**WHAT THE TASK ASKS**.
Return the entries below in their exact form, leaving the pictures out.

(Stored data)
===============

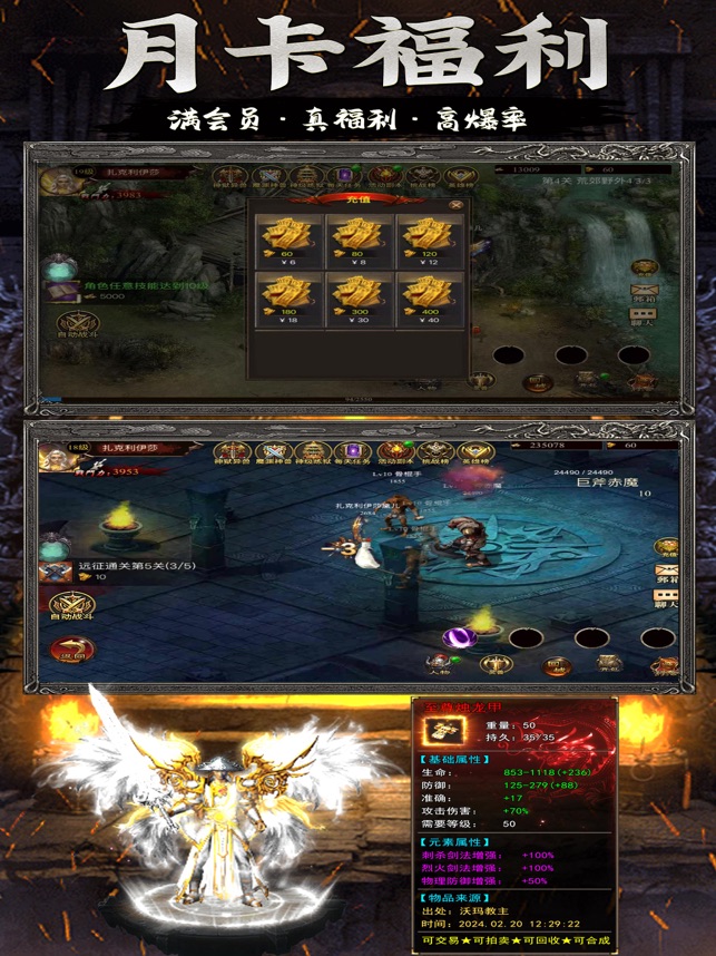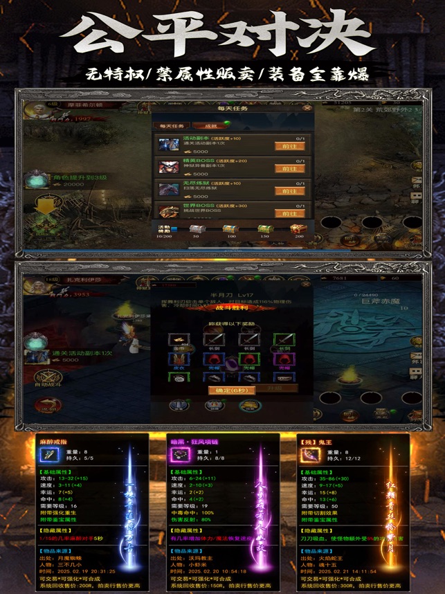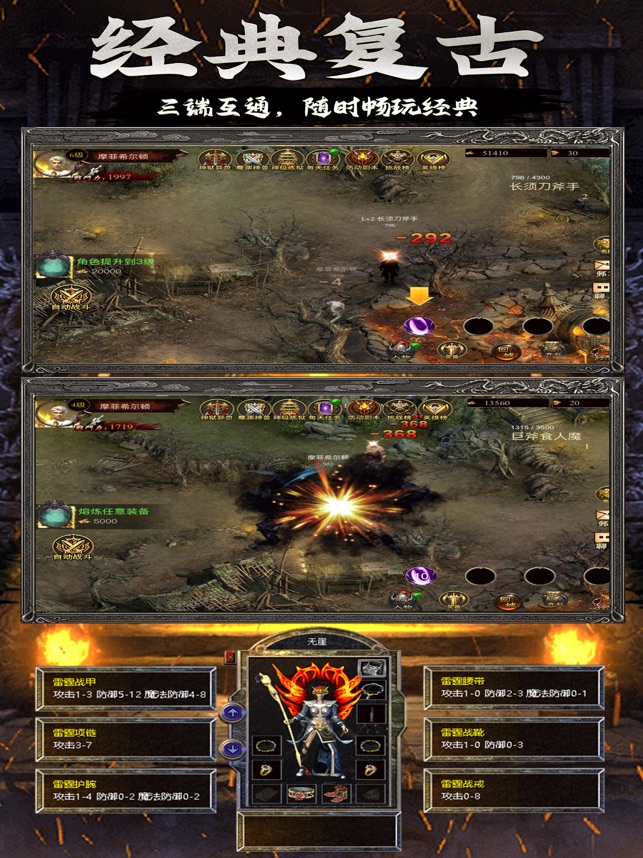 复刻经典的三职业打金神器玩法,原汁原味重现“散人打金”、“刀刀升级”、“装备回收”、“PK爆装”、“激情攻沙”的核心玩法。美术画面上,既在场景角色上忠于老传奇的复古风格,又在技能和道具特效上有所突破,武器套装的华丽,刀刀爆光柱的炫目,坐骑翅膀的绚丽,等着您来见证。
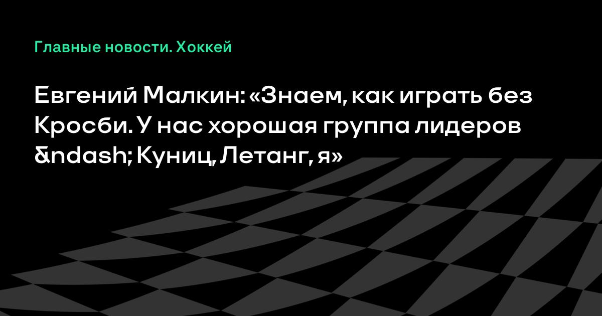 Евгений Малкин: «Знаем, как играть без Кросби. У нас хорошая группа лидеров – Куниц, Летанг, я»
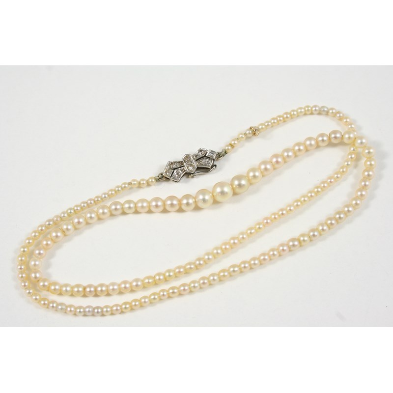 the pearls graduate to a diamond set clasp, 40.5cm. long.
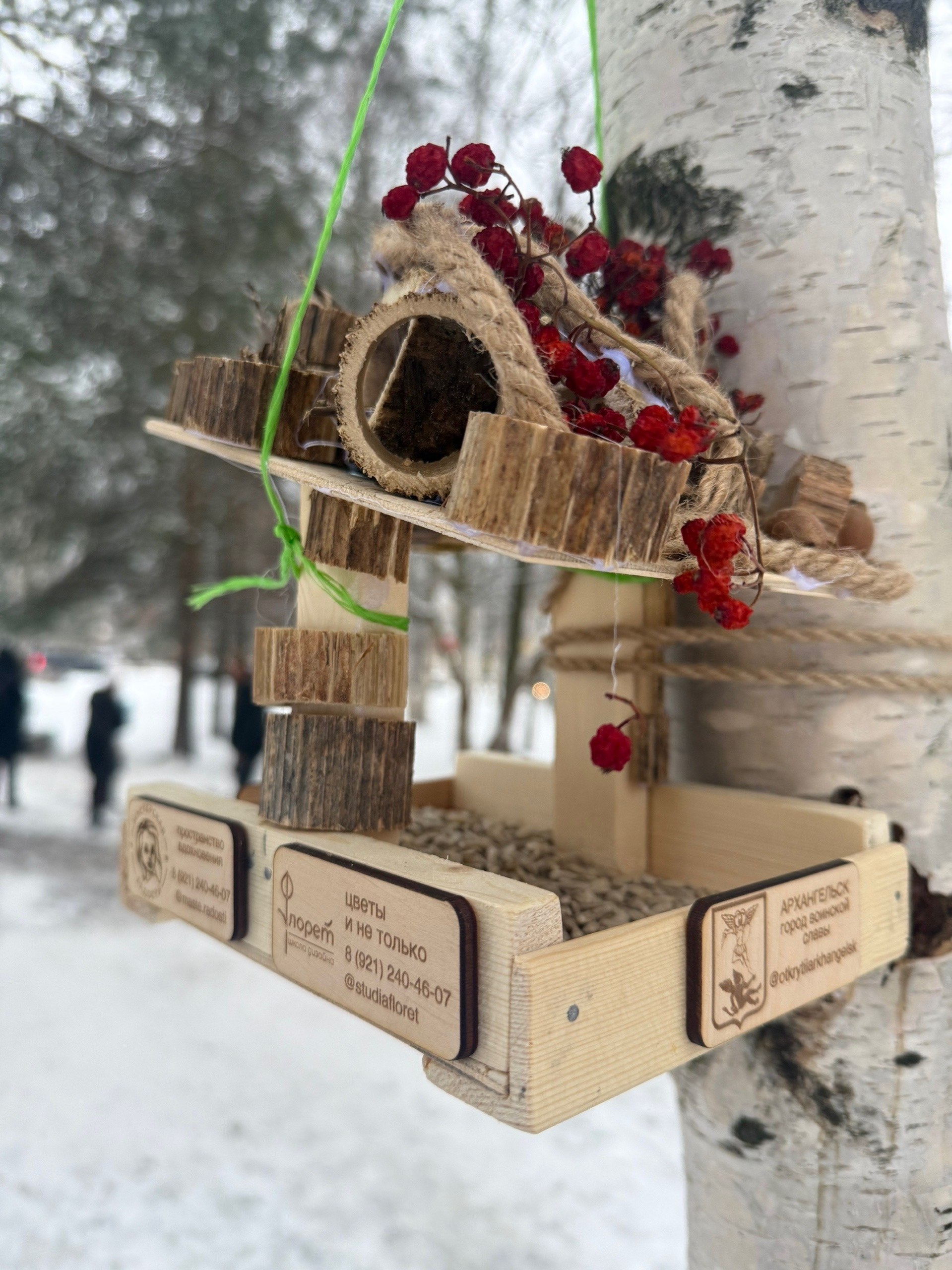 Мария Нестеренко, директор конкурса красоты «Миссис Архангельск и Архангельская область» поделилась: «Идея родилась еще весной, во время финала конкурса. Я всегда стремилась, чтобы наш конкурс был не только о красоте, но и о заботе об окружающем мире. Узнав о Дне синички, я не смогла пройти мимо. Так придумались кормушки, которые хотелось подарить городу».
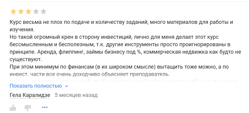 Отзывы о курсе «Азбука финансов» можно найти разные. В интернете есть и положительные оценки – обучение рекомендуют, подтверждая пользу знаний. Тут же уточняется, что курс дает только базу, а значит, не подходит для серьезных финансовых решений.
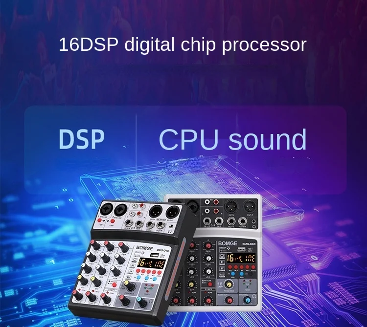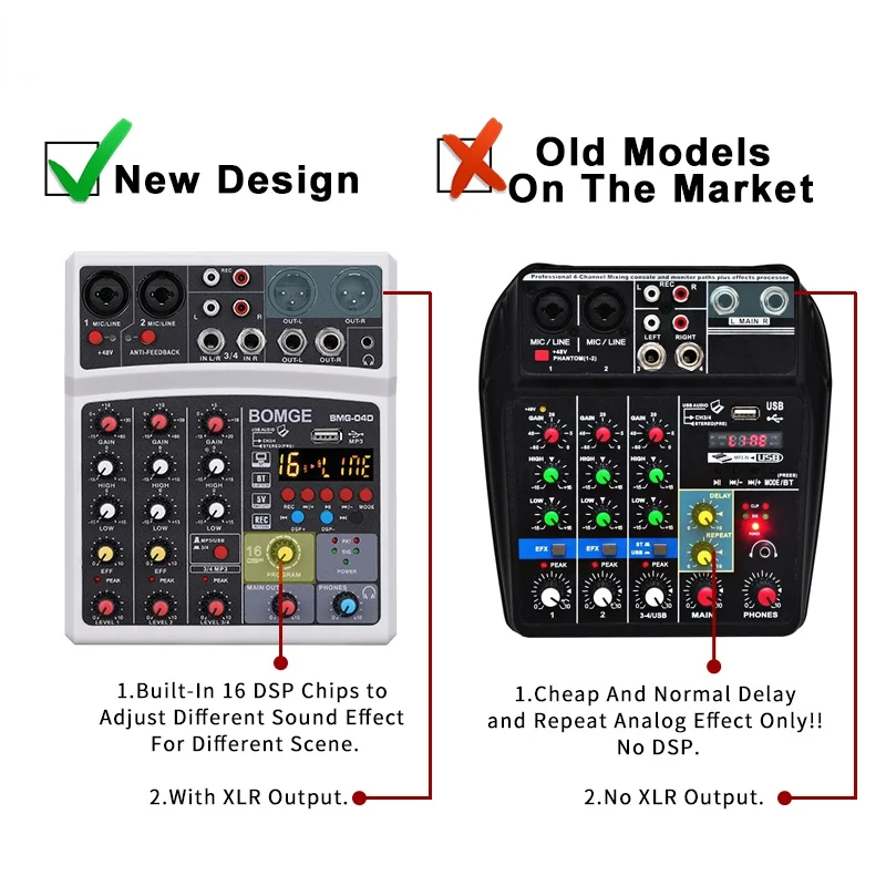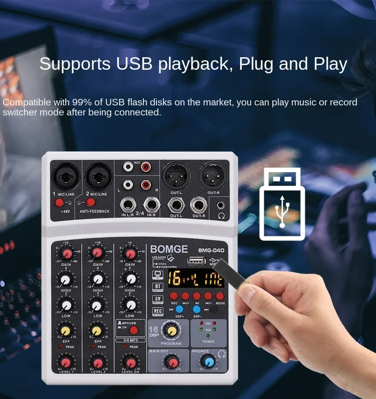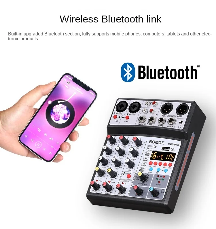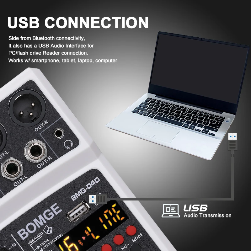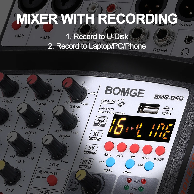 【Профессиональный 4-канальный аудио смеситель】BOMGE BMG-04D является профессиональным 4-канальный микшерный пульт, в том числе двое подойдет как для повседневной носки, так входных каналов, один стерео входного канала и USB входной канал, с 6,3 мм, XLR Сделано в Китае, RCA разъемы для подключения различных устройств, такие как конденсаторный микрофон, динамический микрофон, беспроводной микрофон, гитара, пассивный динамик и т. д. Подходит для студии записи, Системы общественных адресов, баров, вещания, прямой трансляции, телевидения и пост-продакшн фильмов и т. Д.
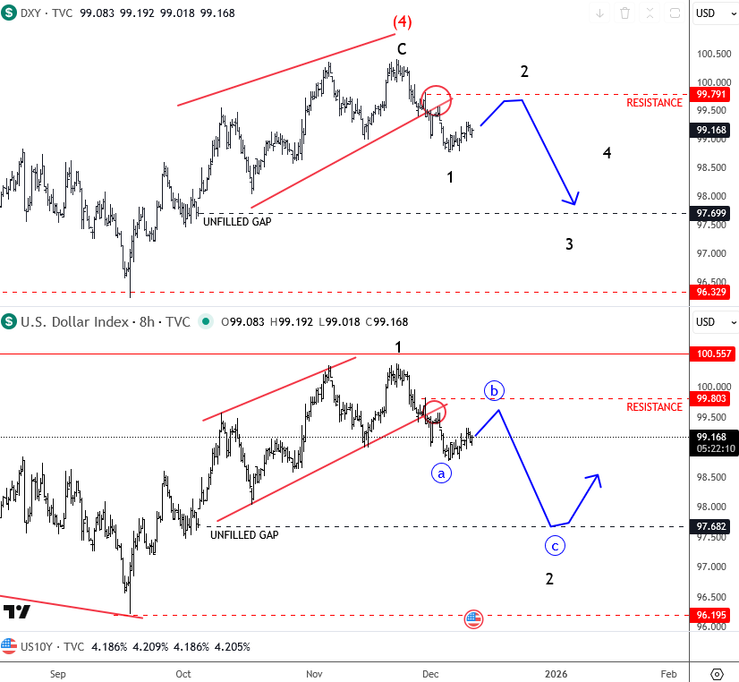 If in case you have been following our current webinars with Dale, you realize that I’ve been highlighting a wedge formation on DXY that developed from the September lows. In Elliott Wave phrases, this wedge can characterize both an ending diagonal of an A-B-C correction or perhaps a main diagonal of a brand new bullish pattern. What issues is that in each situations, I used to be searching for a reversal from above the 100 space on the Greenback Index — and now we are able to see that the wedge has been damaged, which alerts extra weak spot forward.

===============

**SOLUTION FOR THIS PROBLEM**.
 复刻经典的三职业打金神器玩法,原汁原味重现“散人打金”、“刀刀升级”、“装备回收”、“PK爆装”、“激情攻沙”的核心玩法。美术画面上,既在场景角色上忠于老传奇的复古风格,又在技能和道具特效上有所突破,武器套装的华丽,刀刀爆光柱的炫目,坐骑翅膀的绚丽,等着您来见证。
 Евгений Малкин: «Знаем, как играть без Кросби. У нас хорошая группа лидеров – Куниц, Летанг, я»
 the pearls graduate to a diamond set clasp, 40.5cm. long.
 Мария Нестеренко, директор конкурса красоты «Миссис Архангельск и Архангельская область» поделилась: «Идея родилась еще весной, во время финала конкурса. Я всегда стремилась, чтобы наш конкурс был не только о красоте, но и о заботе об окружающем мире. Узнав о Дне синички, я не смогла пройти мимо. Так придумались кормушки, которые хотелось подарить городу».
 Отзывы о курсе «Азбука финансов» можно найти разные. В интернете есть и положительные оценки – обучение рекомендуют, подтверждая пользу знаний. Тут же уточняется, что курс дает только базу, а значит, не подходит для серьезных финансовых решений.
 【Профессиональный 4-канальный аудио смеситель】BOMGE BMG-04D является профессиональным 4-канальный микшерный пульт, в том числе двое подойдет как для повседневной носки, так входных каналов, один стерео входного канала и USB входной канал, с 6,3 мм, XLR Сделано в Китае, RCA разъемы для подключения различных устройств, такие как конденсаторный микрофон, динамический микрофон, беспроводной микрофон, гитара, пассивный динамик и т. д. Подходит для студии записи, Системы общественных адресов, баров, вещания, прямой трансляции, телевидения и пост-продакшн фильмов и т. Д.
 If in case you have been following our current webinars with Dale, you realize that I’ve been highlighting a wedge formation on DXY that developed from the September lows. In Elliott Wave phrases, this wedge can characterize both an ending diagonal of an A-B-C correction or perhaps a main diagonal of a brand new bullish pattern. What issues is that in each situations, I used to be searching for a reversal from above the 100 space on the Greenback Index — and now we are able to see that the wedge has been damaged, which alerts extra weak spot forward.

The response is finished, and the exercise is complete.